Task details: Please take the records that follow and repeat exactly the lines starting with the line with "This deepwell ashtray" and going on through the line with "Mobilitný grant BUP".

Source information:
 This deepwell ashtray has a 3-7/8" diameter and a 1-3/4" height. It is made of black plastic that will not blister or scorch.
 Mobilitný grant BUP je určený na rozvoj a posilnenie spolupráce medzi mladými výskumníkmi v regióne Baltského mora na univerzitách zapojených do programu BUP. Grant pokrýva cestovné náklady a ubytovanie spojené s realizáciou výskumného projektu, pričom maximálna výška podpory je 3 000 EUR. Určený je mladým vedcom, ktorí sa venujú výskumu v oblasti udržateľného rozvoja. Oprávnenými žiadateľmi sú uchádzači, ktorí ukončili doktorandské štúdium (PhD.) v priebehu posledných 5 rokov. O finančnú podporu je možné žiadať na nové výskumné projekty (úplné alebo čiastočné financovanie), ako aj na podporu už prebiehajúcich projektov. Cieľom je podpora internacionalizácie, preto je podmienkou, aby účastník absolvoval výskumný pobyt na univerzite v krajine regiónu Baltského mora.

--

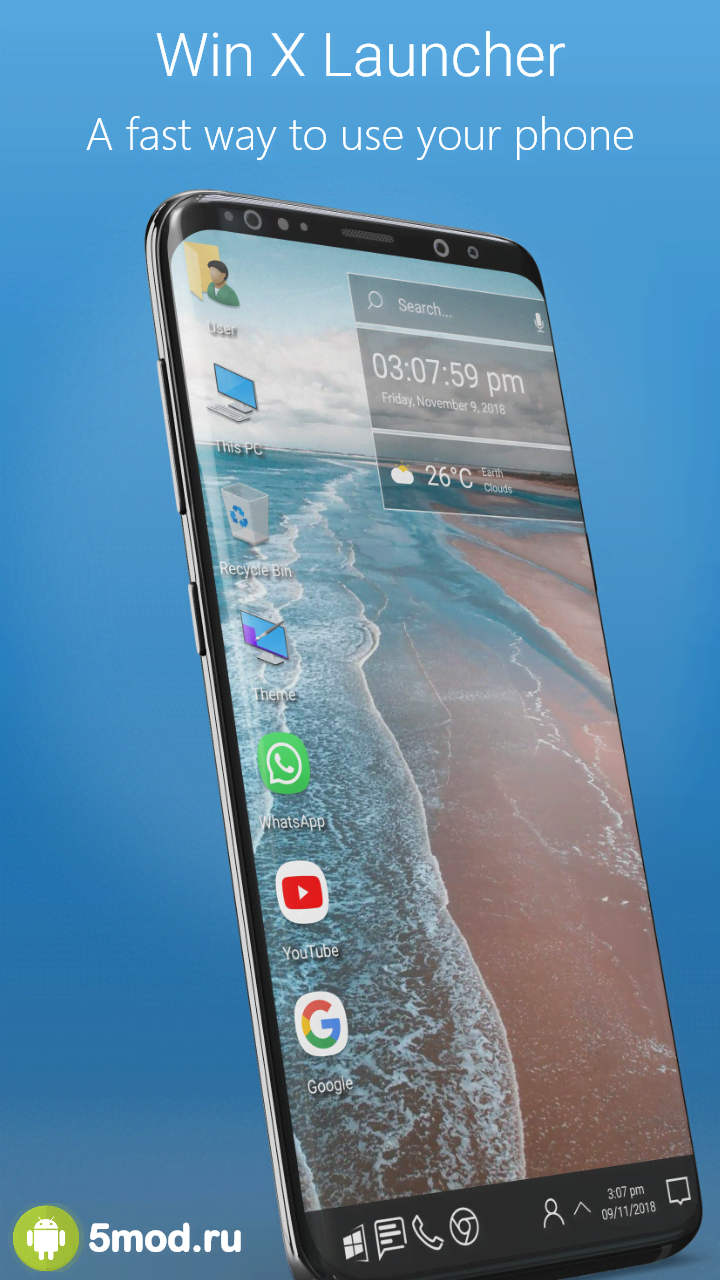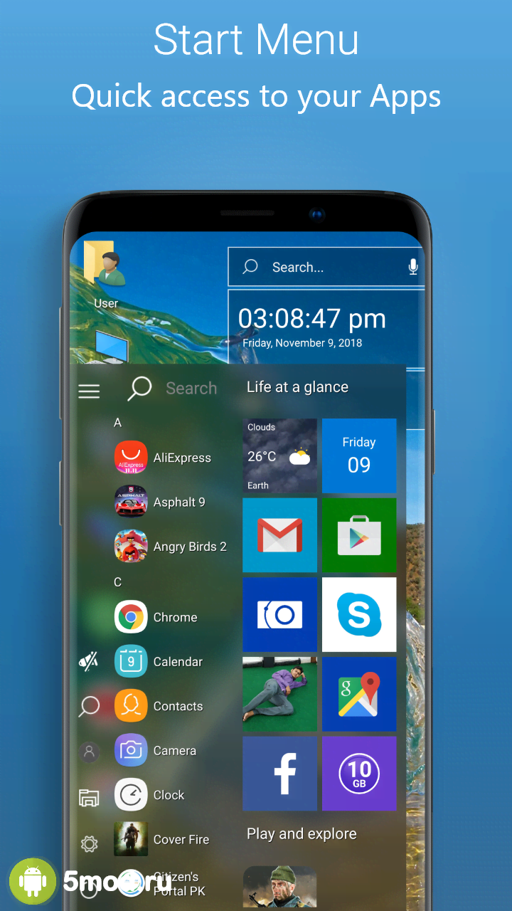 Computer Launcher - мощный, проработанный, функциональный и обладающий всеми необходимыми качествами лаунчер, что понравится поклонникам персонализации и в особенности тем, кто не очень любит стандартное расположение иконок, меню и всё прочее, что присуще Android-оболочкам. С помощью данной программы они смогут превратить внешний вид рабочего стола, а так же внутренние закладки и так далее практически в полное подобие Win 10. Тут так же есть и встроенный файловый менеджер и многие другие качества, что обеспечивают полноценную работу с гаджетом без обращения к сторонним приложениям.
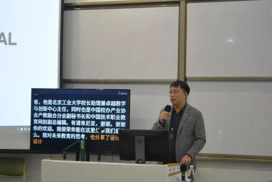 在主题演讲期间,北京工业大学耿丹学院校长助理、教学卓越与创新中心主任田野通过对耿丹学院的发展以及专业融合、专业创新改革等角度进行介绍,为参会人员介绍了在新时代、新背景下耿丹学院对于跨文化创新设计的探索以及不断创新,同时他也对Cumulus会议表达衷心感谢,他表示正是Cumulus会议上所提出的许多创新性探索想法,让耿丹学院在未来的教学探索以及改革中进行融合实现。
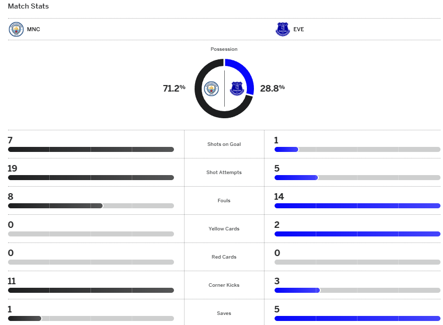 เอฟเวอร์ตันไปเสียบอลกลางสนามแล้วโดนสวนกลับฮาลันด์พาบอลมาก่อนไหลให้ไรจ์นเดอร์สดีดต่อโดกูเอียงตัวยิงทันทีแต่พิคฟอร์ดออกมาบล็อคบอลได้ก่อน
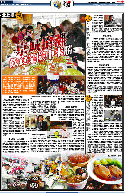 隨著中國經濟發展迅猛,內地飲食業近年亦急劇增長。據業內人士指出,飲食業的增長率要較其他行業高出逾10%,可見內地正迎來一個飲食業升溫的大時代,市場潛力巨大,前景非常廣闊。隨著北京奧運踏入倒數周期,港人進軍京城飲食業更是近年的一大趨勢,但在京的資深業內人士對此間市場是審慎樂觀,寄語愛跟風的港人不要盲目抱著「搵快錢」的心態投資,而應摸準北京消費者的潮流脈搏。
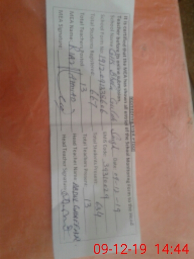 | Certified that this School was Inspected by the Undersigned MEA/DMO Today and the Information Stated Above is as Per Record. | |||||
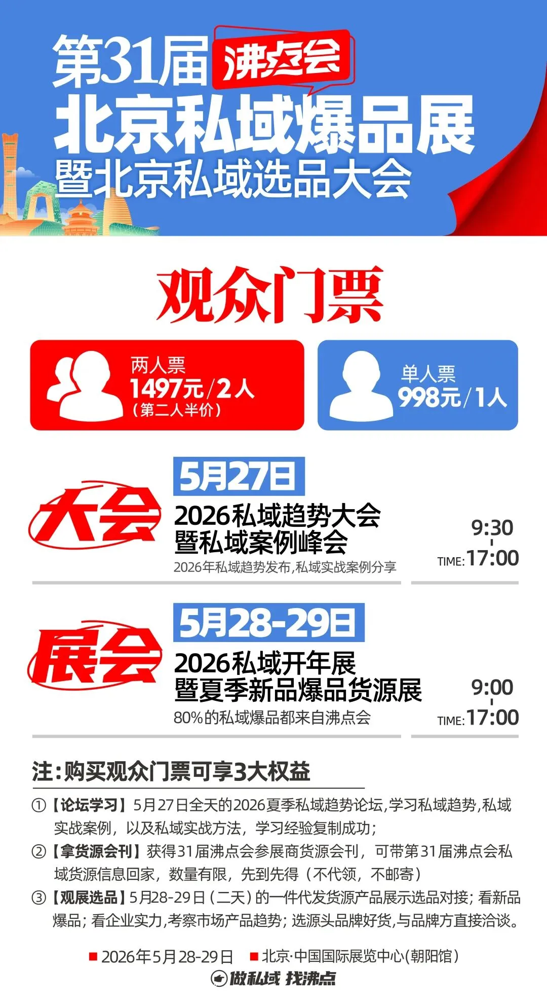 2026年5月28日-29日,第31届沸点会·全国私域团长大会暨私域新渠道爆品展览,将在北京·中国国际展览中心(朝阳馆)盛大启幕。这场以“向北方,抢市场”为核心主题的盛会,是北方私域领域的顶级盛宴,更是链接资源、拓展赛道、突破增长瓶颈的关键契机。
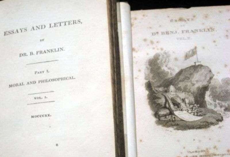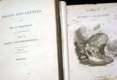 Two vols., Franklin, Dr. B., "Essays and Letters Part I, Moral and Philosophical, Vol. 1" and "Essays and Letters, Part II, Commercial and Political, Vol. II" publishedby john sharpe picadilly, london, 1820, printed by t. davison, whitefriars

Output of the task:
 This deepwell ashtray has a 3-7/8" diameter and a 1-3/4" height. It is made of black plastic that will not blister or scorch.
 Mobilitný grant BUP je určený na rozvoj a posilnenie spolupráce medzi mladými výskumníkmi v regióne Baltského mora na univerzitách zapojených do programu BUP. Grant pokrýva cestovné náklady a ubytovanie spojené s realizáciou výskumného projektu, pričom maximálna výška podpory je 3 000 EUR. Určený je mladým vedcom, ktorí sa venujú výskumu v oblasti udržateľného rozvoja. Oprávnenými žiadateľmi sú uchádzači, ktorí ukončili doktorandské štúdium (PhD.) v priebehu posledných 5 rokov. O finančnú podporu je možné žiadať na nové výskumné projekty (úplné alebo čiastočné financovanie), ako aj na podporu už prebiehajúcich projektov. Cieľom je podpora internacionalizácie, preto je podmienkou, aby účastník absolvoval výskumný pobyt na univerzite v krajine regiónu Baltského mora.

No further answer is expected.